_Available records_.
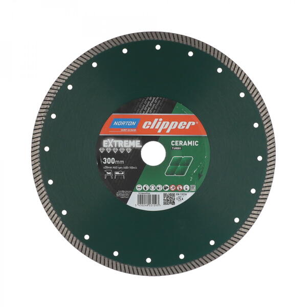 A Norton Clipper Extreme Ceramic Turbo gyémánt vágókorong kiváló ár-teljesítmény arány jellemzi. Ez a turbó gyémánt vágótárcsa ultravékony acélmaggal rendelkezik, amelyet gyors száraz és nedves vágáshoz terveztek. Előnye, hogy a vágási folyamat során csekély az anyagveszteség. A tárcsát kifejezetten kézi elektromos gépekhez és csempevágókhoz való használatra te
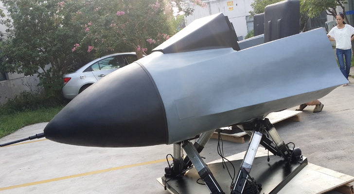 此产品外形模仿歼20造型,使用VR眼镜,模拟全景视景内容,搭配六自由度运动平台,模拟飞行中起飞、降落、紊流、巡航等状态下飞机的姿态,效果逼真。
---
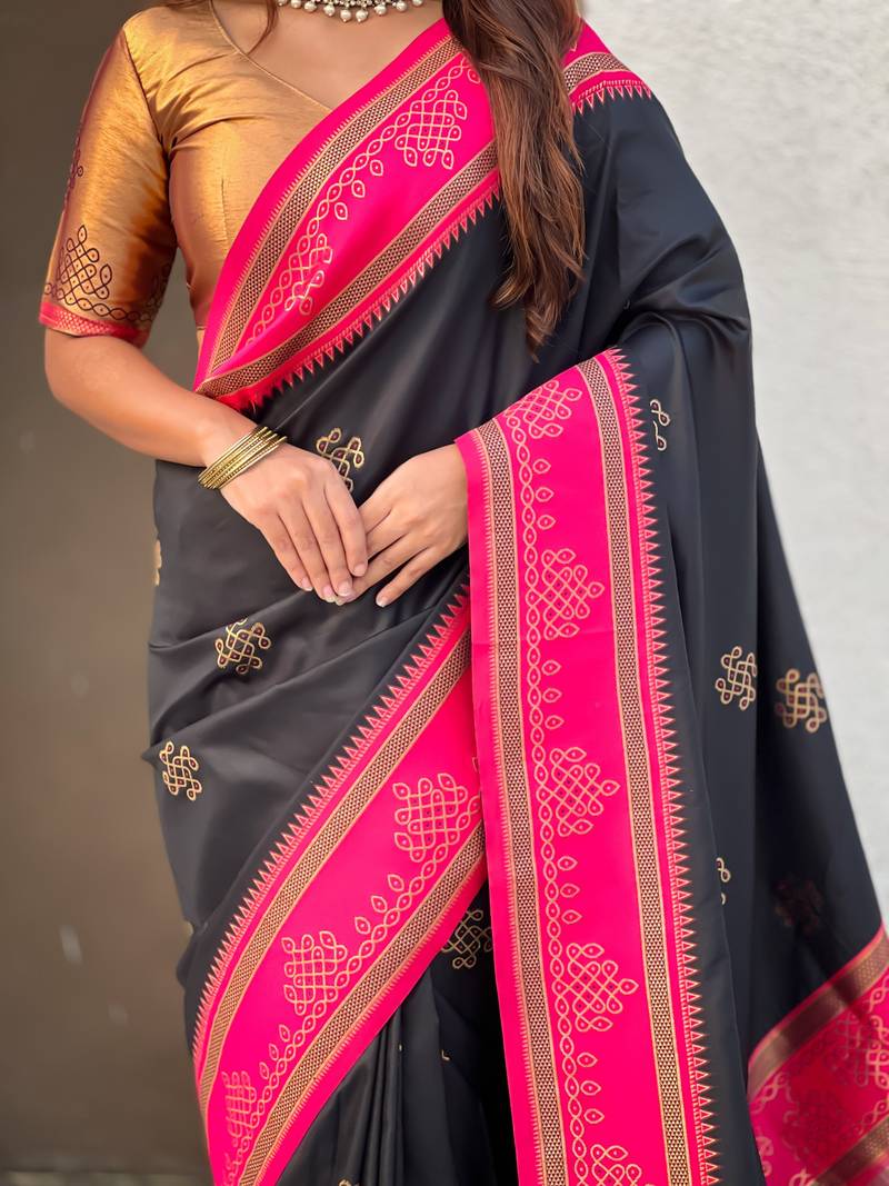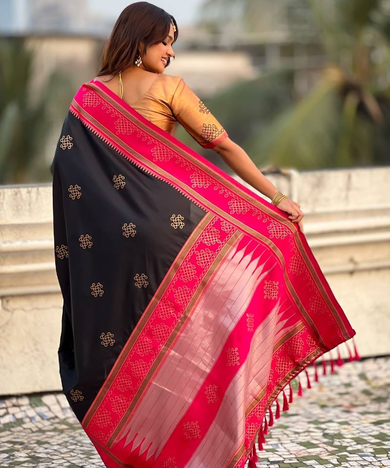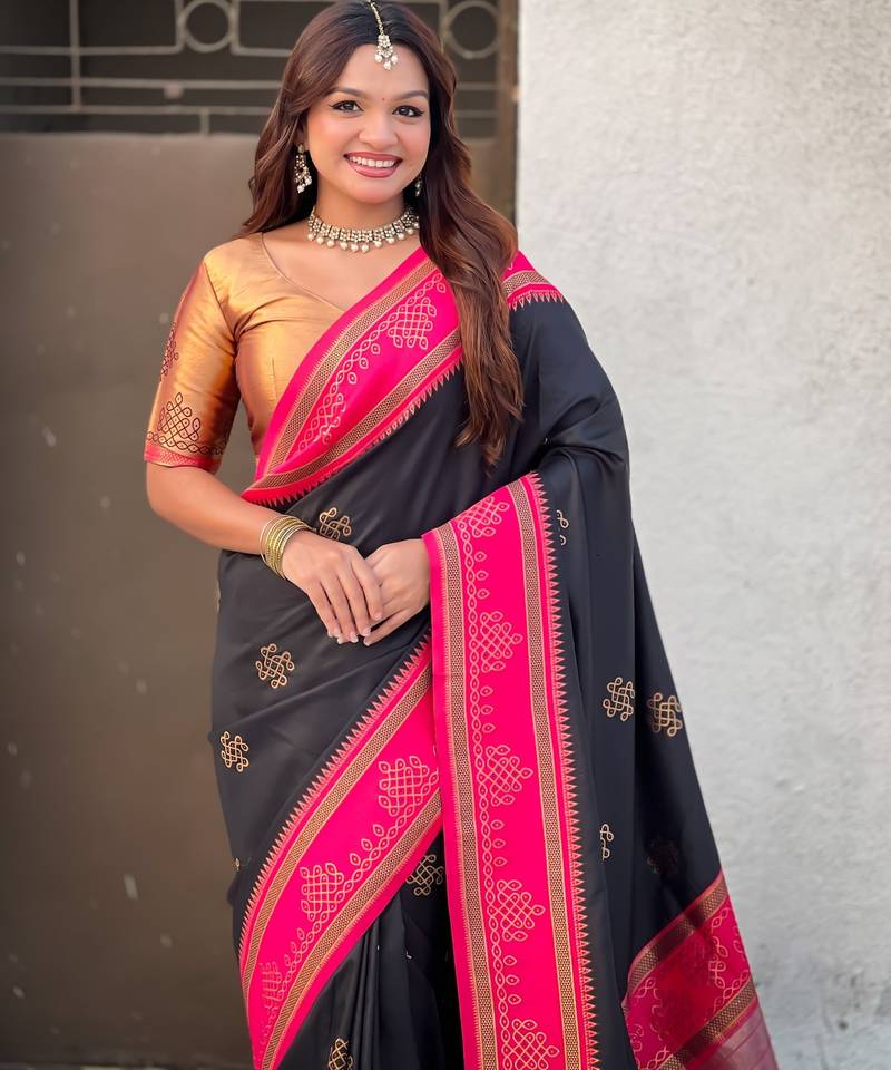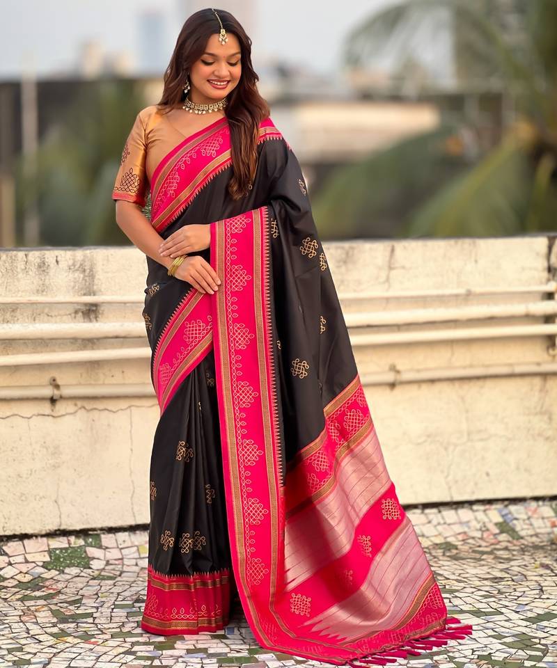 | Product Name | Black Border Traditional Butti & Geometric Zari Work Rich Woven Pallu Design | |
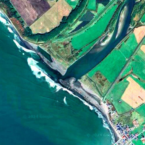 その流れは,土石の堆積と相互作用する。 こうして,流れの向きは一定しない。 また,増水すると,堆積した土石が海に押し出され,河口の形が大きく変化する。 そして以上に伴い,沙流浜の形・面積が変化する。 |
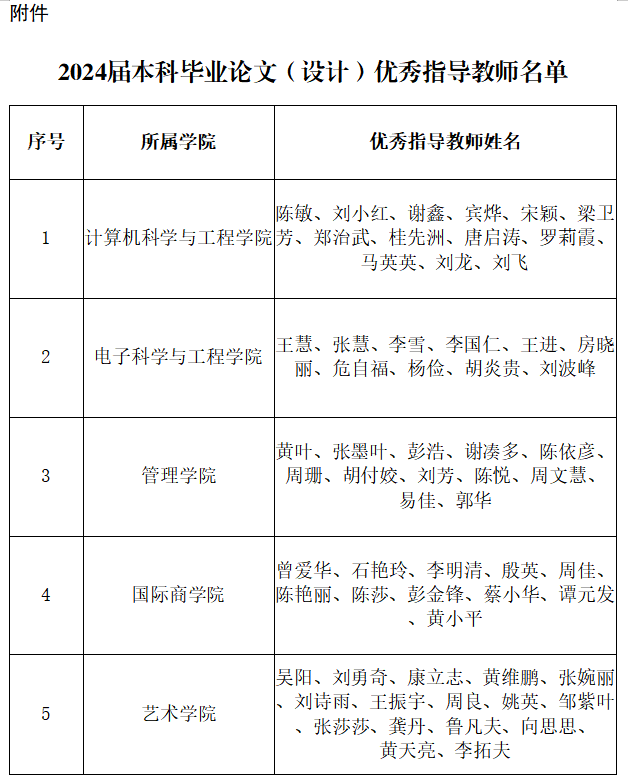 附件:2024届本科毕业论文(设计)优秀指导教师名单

_Problem details_.
Look above for the line holding "また,増水すると,堆積した土石が海に押し出され,河口の形が大きく変化する。 そして以上に伴い,沙流浜の形・面積が変化する。 |" and output everything from it down to the line holding "附件:2024届本科毕业论文(设计)优秀指导教师名单", both ends included, exactly and without images.

_Finished exercise_.
 その流れは,土石の堆積と相互作用する。 こうして,流れの向きは一定しない。 また,増水すると,堆積した土石が海に押し出され,河口の形が大きく変化する。 そして以上に伴い,沙流浜の形・面積が変化する。 |
 附件:2024届本科毕业论文(设计)优秀指导教师名单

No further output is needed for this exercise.